That job includes everything from an initial consultation and colour analysis (to figure out which colours work best for your skin tone) to wardrobe analysis and personal shopping. And while you might think her clients are limited to vain magazine editors and insecure energy executives, she says they come in all types – and all ages. “I’ve had people buy my services for their son who’s just starting out from university. I’ve had husbands buy Christmas packages for their wives. And I have men and women in their 60s who are all about having fun and learning about what works best for them.”

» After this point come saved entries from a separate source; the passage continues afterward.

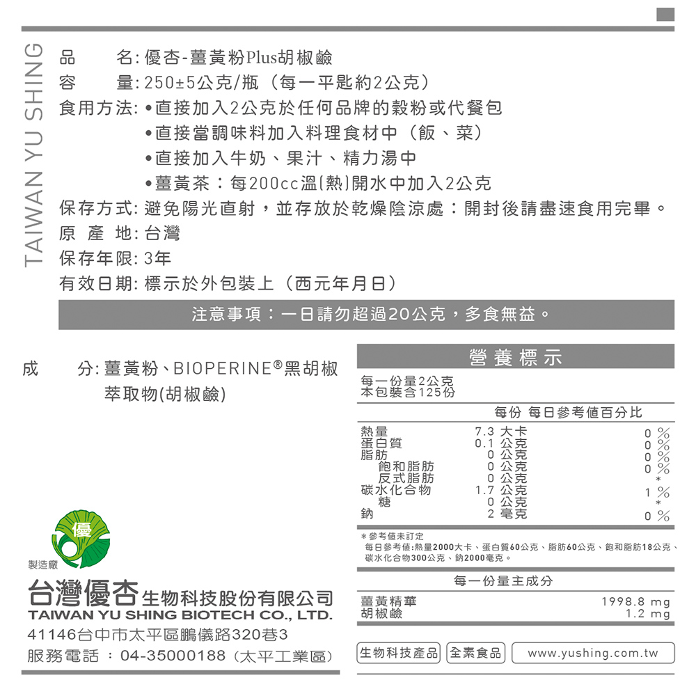 優杏-薑黃粉Plus胡椒鹼(250g/瓶)
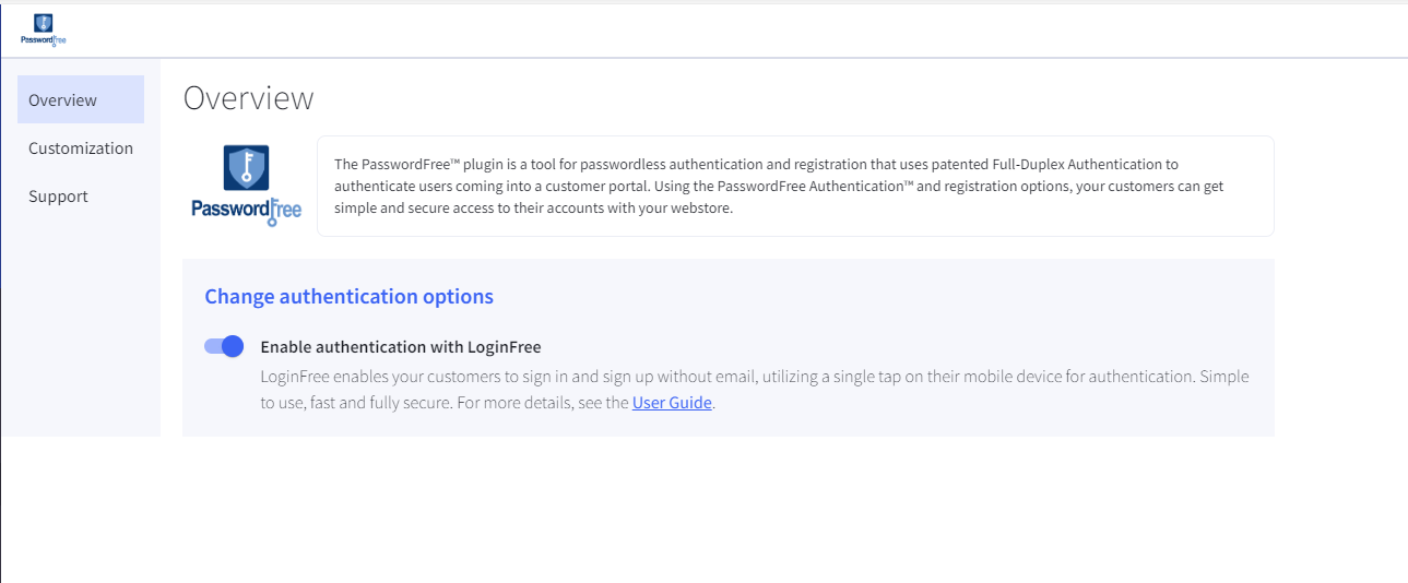 1) Overview. This section contains the brief description of the PasswordFree app and the option of LoginFree authentication. For more details, see LoginFree authentication.
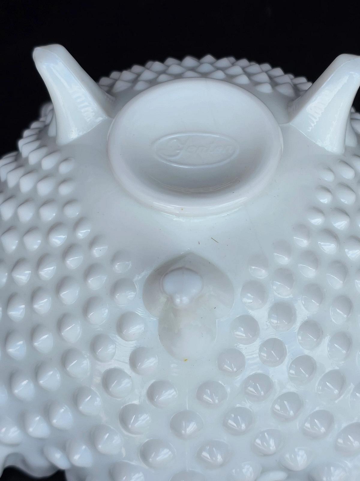 Fenton white Ruffled edge pedestal compote 3.75"high 8.5" in diameter. In very good condition no chips cracks or cloudiness It is in very good condition no chips cracks There slight scratches on the base.
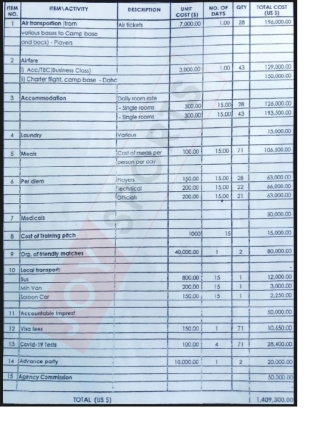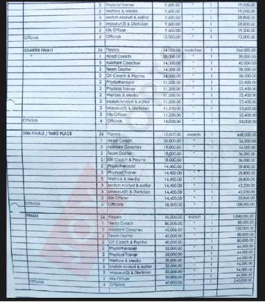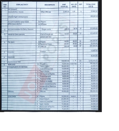 A key discrepancy involves the budget for player flight tickets. Despite some Black Stars players already being in Qatar prior to the tournament, the document lists a $300,000 charter flight cost for team transportation. It remains unclear why airfare expenses were accounted for all players when some had already arrived for the pre-tournament camp.
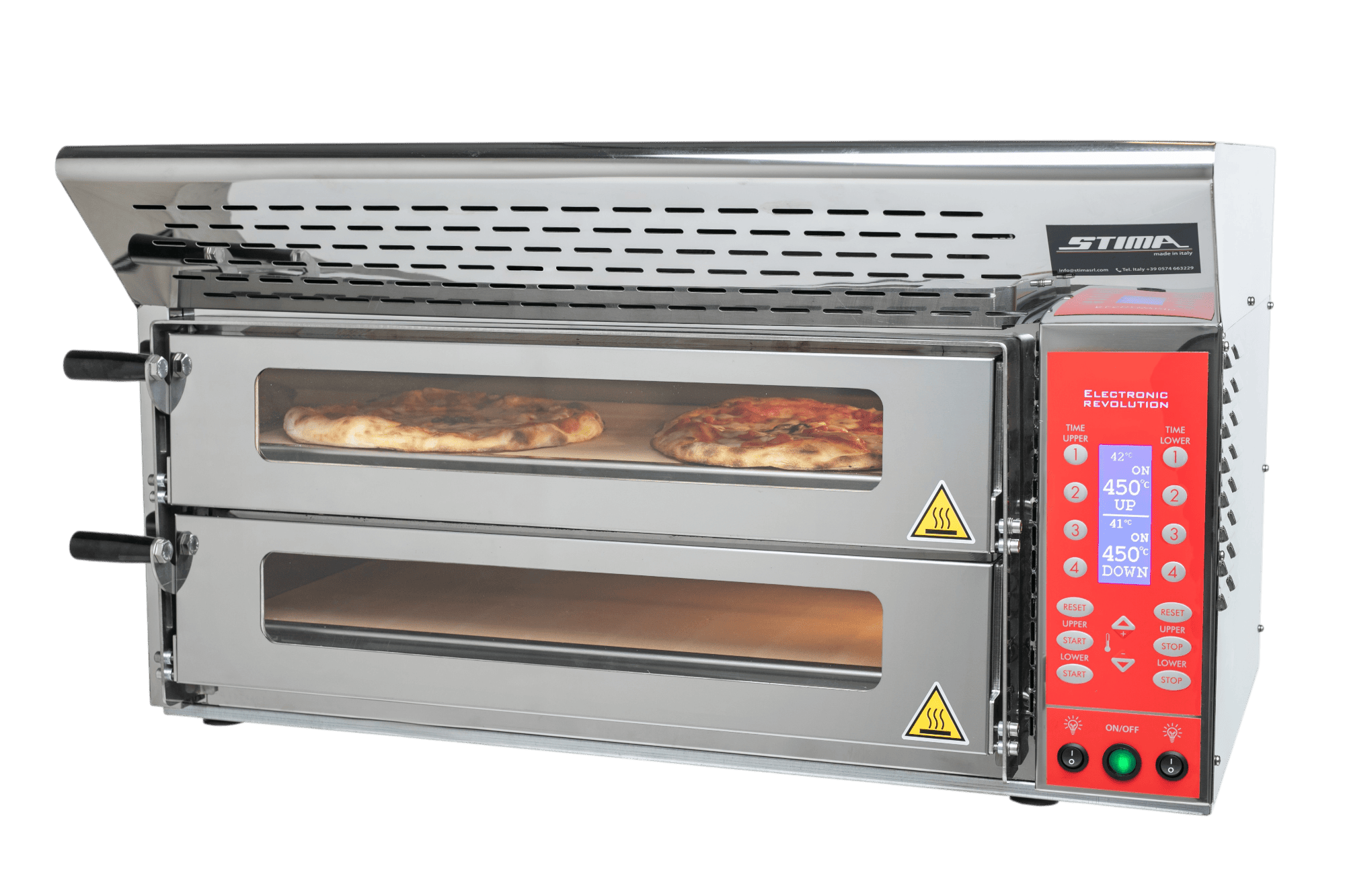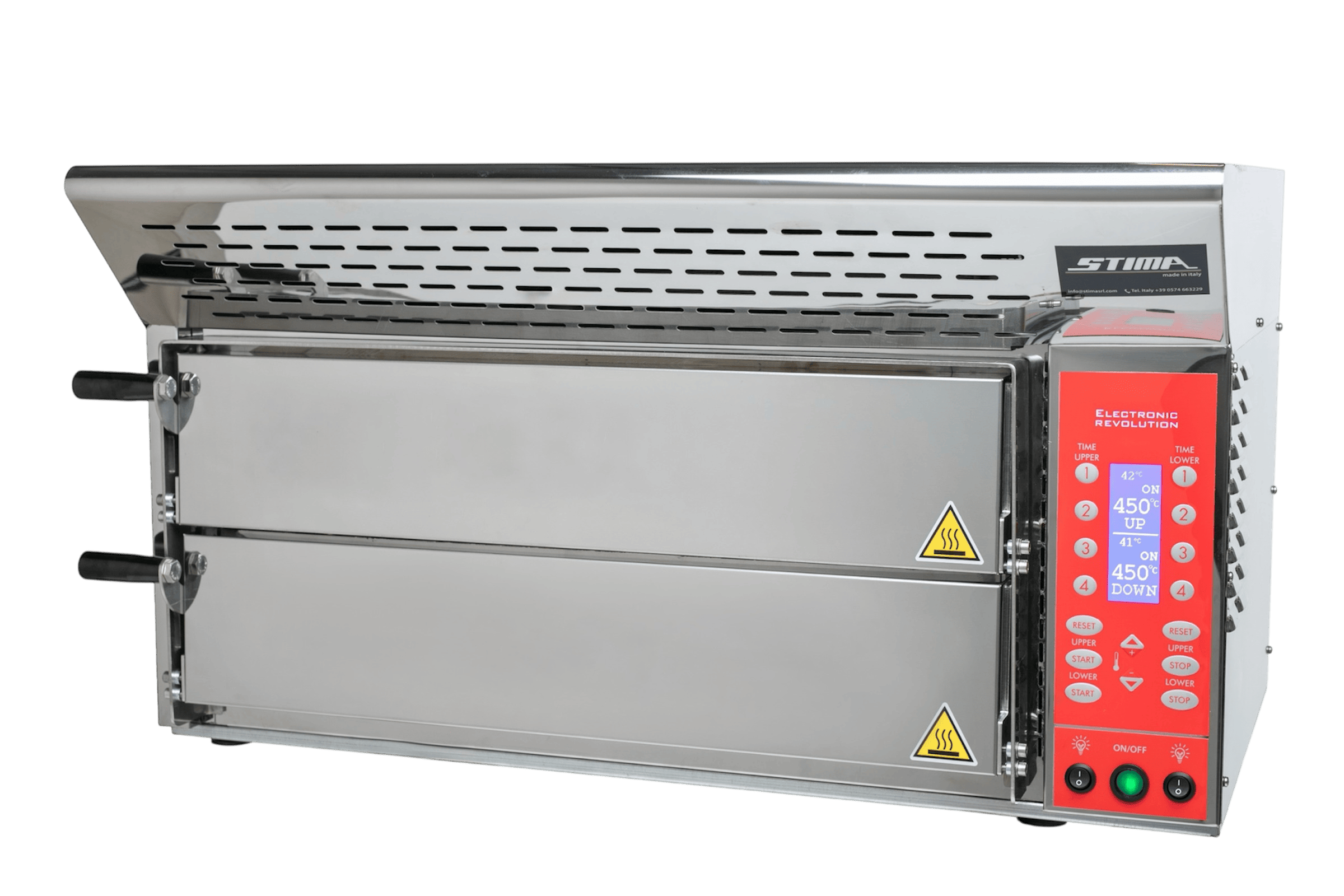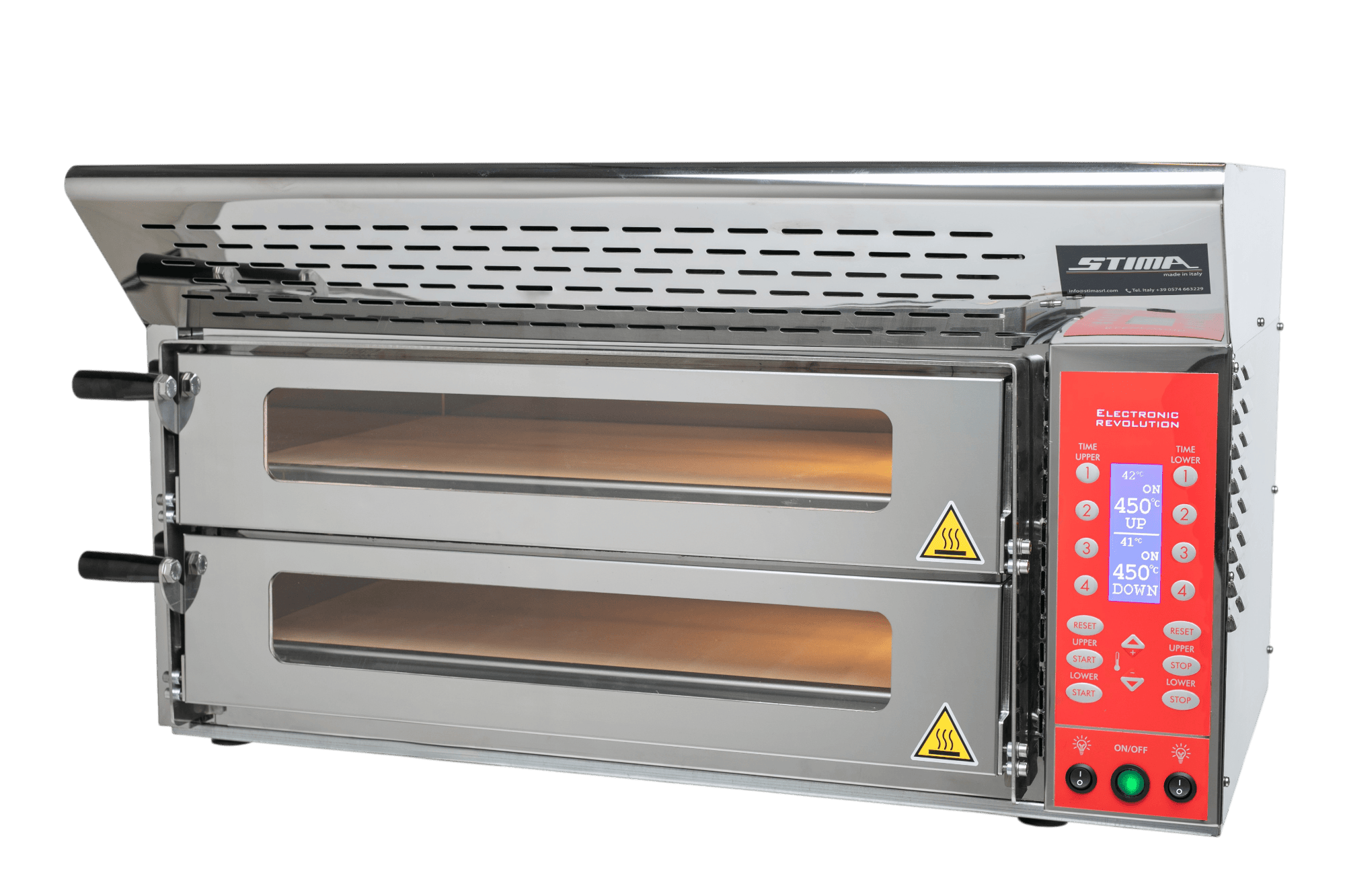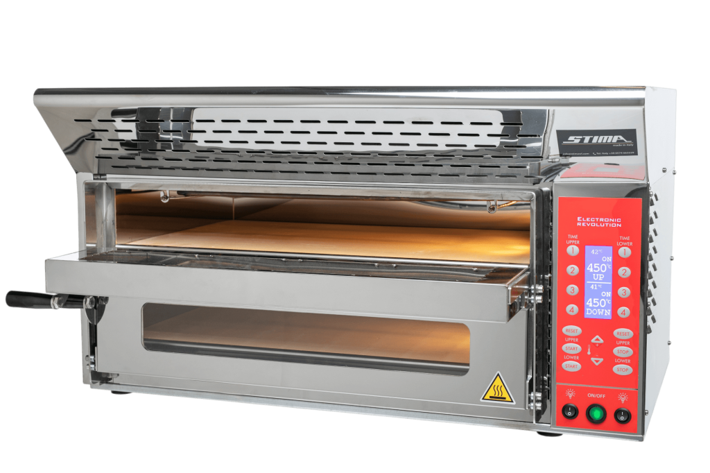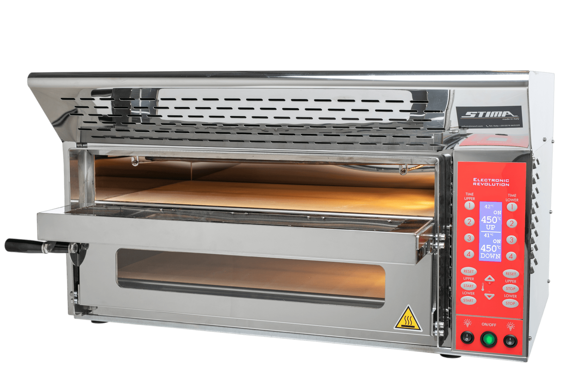 Il Forno pizza elettrico di Stima srl è l’ideale per Bar, Paninoteche, Chioschi attrezzati.

And while looking better is obviously its own reward, Kim says the benefits can be far more tangible – and material. “I get a lot of people who are in between jobs, up for a promotion or just got a promotion that requires them to have a more authoritative image,” she says. “They get a greater degree of confidence, and hopefully they can move ­forward professionally or personally with that.”

Extra Credit

It’s no great secret that Albertans tend, on the whole, to err on the side of underdressing, but Camille Kim says her experience confirms it. “I have employers contacting me with that same complaint. So, obviously, it’s an issue.” That’s particularly true of younger employees, who either look like they’re headed out for a day at the beach or on their way to a funeral. “I always find that they either dress really casual-sporty, or they move into something way too old and traditional for their age category,” she says. “They don’t tend to know what they can wear in between.”

But, she says, fixing this doesn’t need to cost people thousands of dollars. Instead, it’s about attitude, intention and a bit of savvy shopping. “If they just put a little more effort, if they just looked a little more put together, if they just looked a little more high-status, it would make a huge difference. And it can be done without tons and tons of money. It can be done.”